On the other hand, American competitors are watching warily. U.S. chipmakers from Intel to Broadcom worry that Washington’s policy reversal essentially hands Nvidia an even bigger advantage in the Chinese market, cementing its status as the go-to supplier for China’s AI boom.
Market Implications

Nvidia’s staggering $4 trillion market capitalization—achieved just last week as the first-ever chip company to hit that milestone—reflects Wall Street’s confidence that AI infrastructure demand will keep booming worldwide despite geopolitical headwinds. The rare earth trade truce with China is likely to stabilize supply chains for countless industries, potentially easing some inflationary pressure on American consumers.
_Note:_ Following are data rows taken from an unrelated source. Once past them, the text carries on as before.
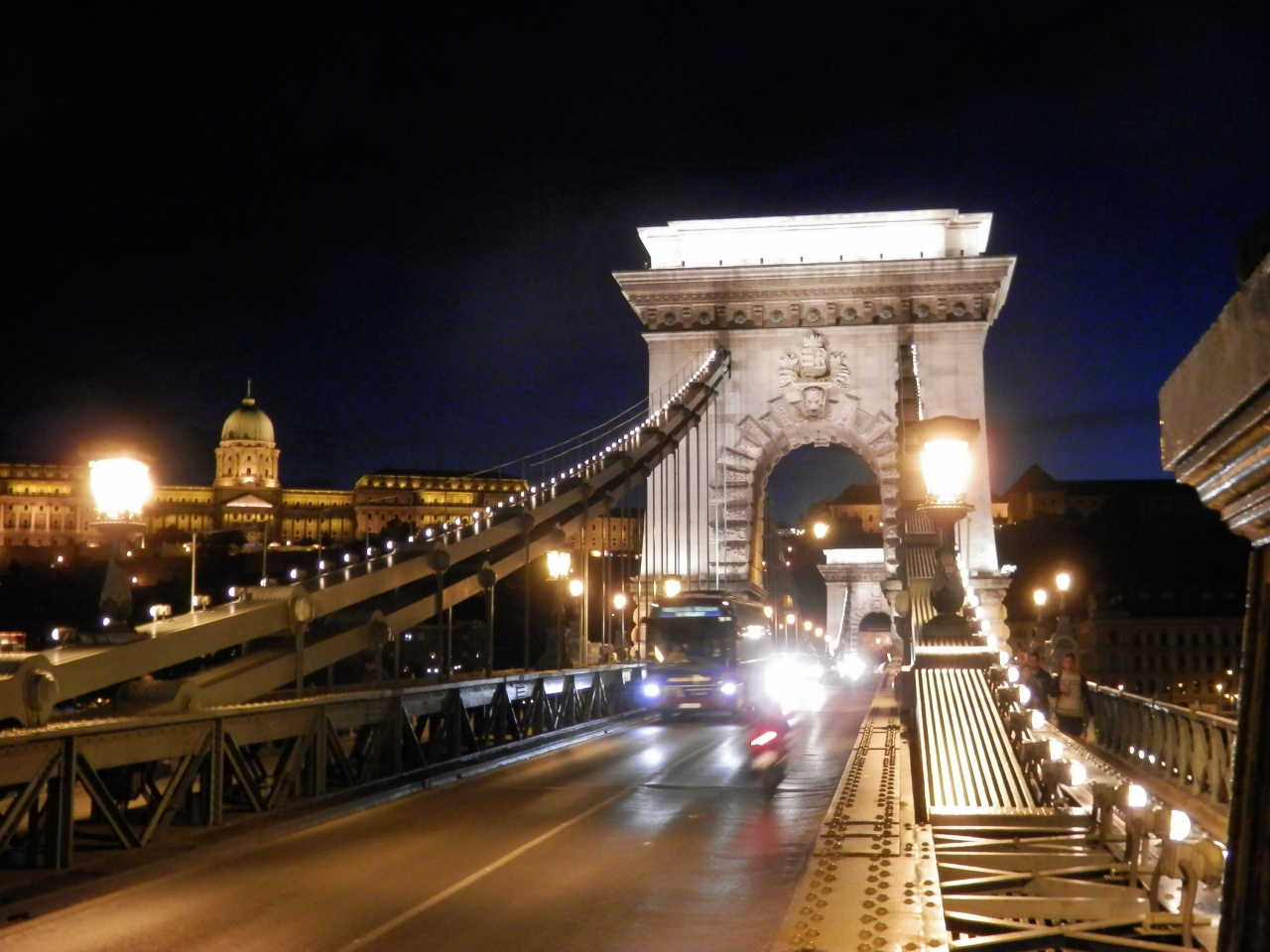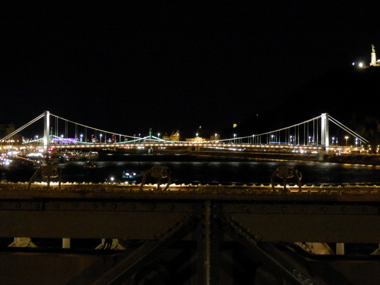 ハンガリー・ブタペスト・ドナウ川にかかるくさり橋・夜はライトアップされて綺麗です。
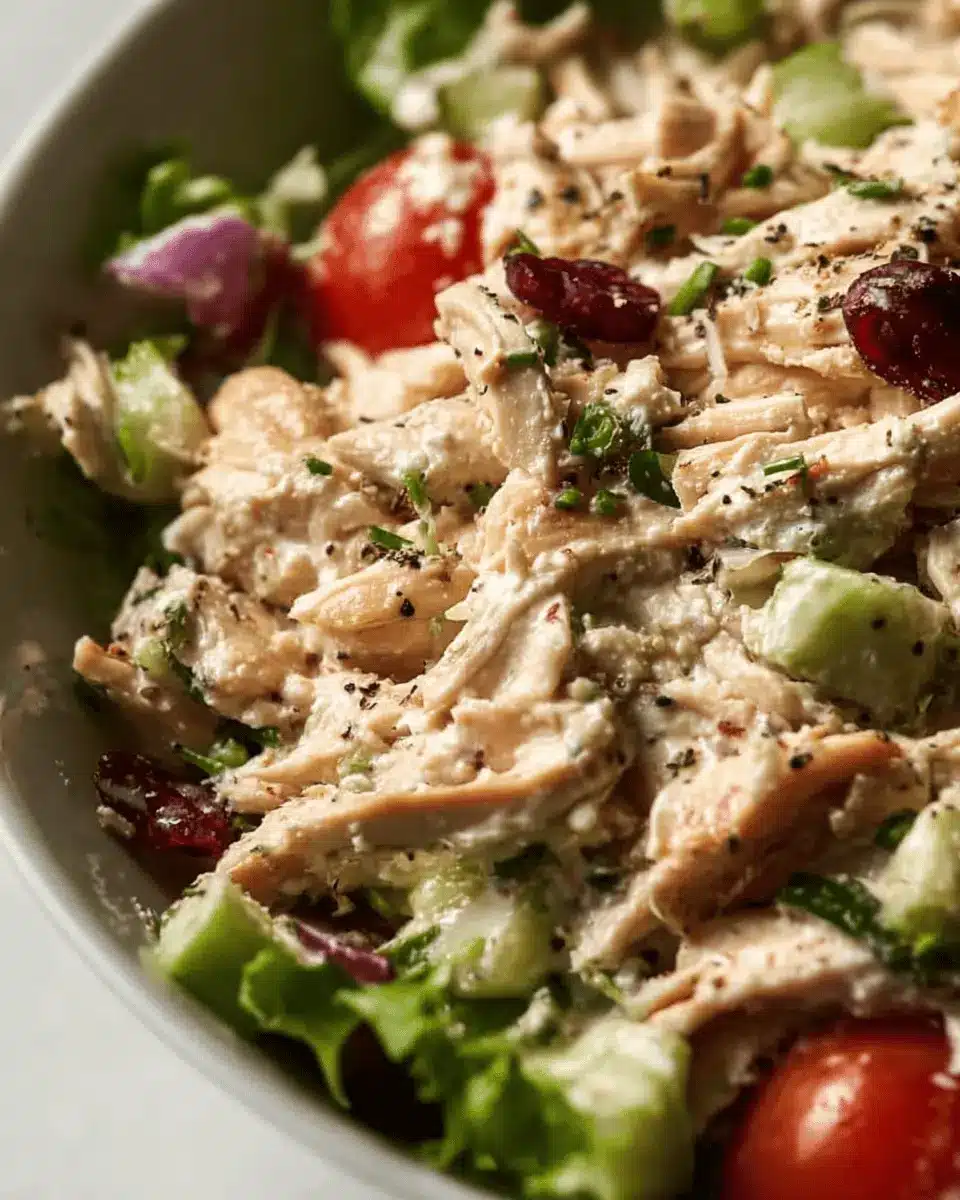 Chicken salad can be enjoyed in myriad ways! Serve it on a bed of greens for a fresh lunch, stuff it into a pita or wrap, or enjoy it on whole-grain toast for a hearty sandwich. You can even use it as a filling for stuffed avocados for a fun twist. The serving options are boundless!
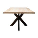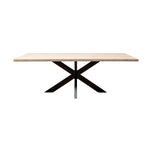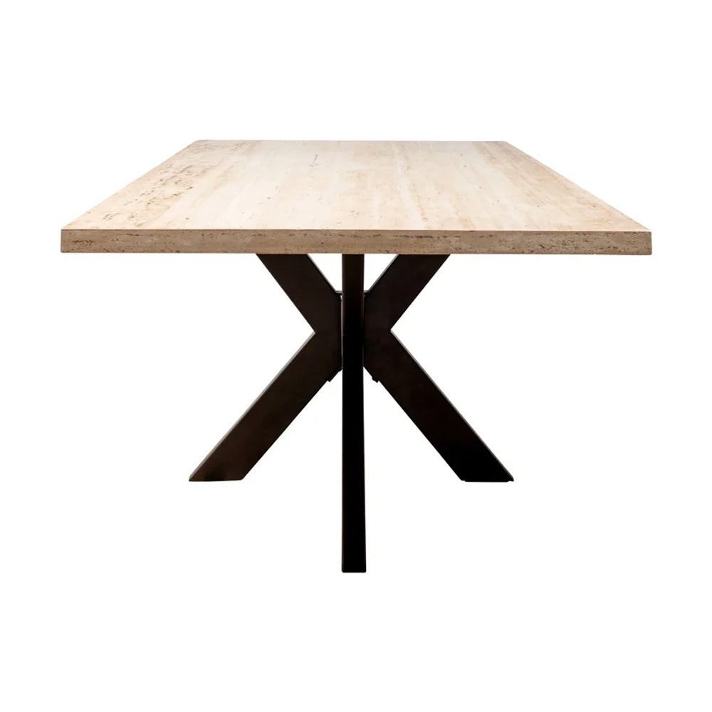 With a rectangular, sand-coloured travertine top and a dark bronze X-shaped iron frame, it radiates elegance throughout your space. Understated luxury and a spacious surface make it ideal for family meals and dinner parties alike, ensuring this table will suit your needs perfectly.
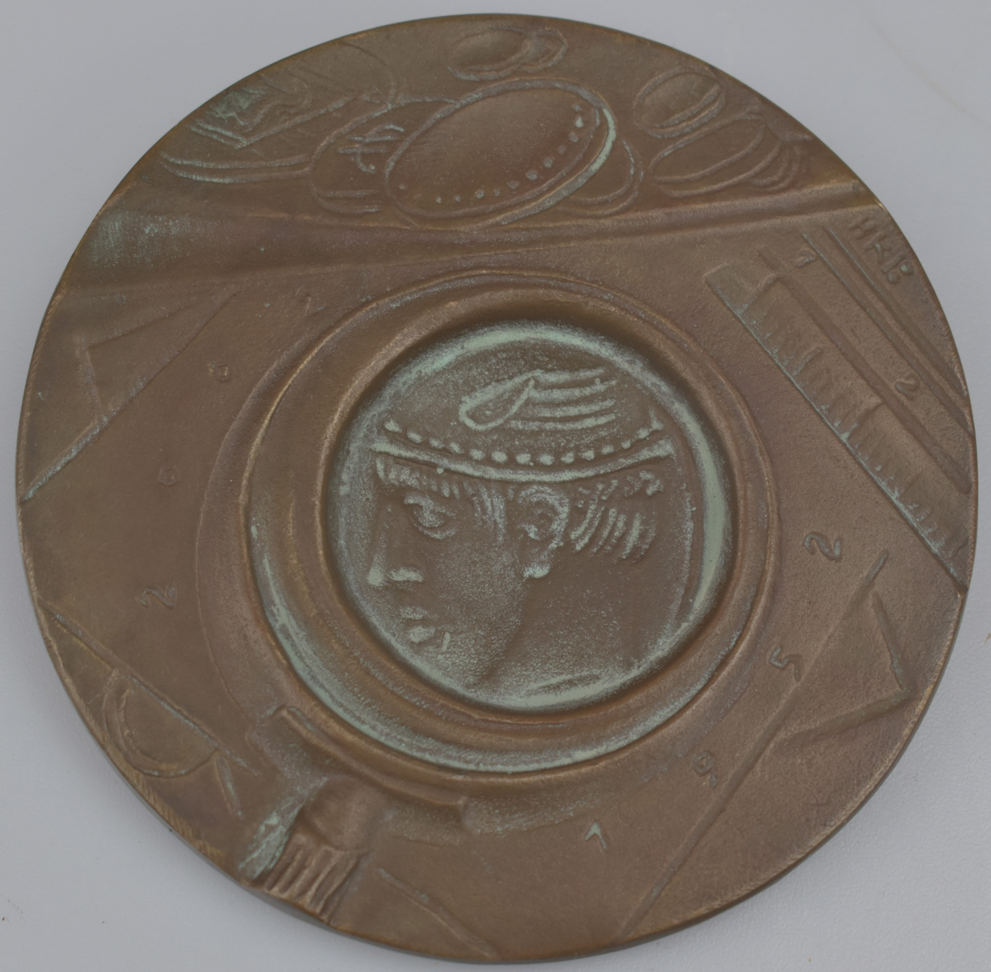 Bronze relief with a light patina, featuring a portrait of „Hermes“ under a magnifying glass on the front, the dates „1952-2002“, monogrammed „HKB“, and a portrait of a Roman head and the inscription „Verband der deutschen Münzenhändler“ (Association of German Coin Dealers) on the reverse. Dimensions: Diameter 8.5 cm. Weight: 173 g. Very good condition.

Shortages of rare-earth magnets had begun driving up costs for products ranging from wind turbines to smartphones; resolving that bottleneck could help moderate prices.
Future Stakes

As President Trump prepares for a potential face-to-face summit with China’s President Xi Jinping later this year, the Nvidia saga raises fundamental questions about America’s approach to tech and trade. This latest move suggests a shift away from blanket technology bans toward more “surgical” export controls that try to balance national security with economic reality.
The big question now: Will this pragmatic strategy ultimately strengthen U.S. tech leadership by keeping Chinese firms dependent on American silicon, or will it backfire, inadvertently fueling the rise of a strategic competitor? Washington remains divided.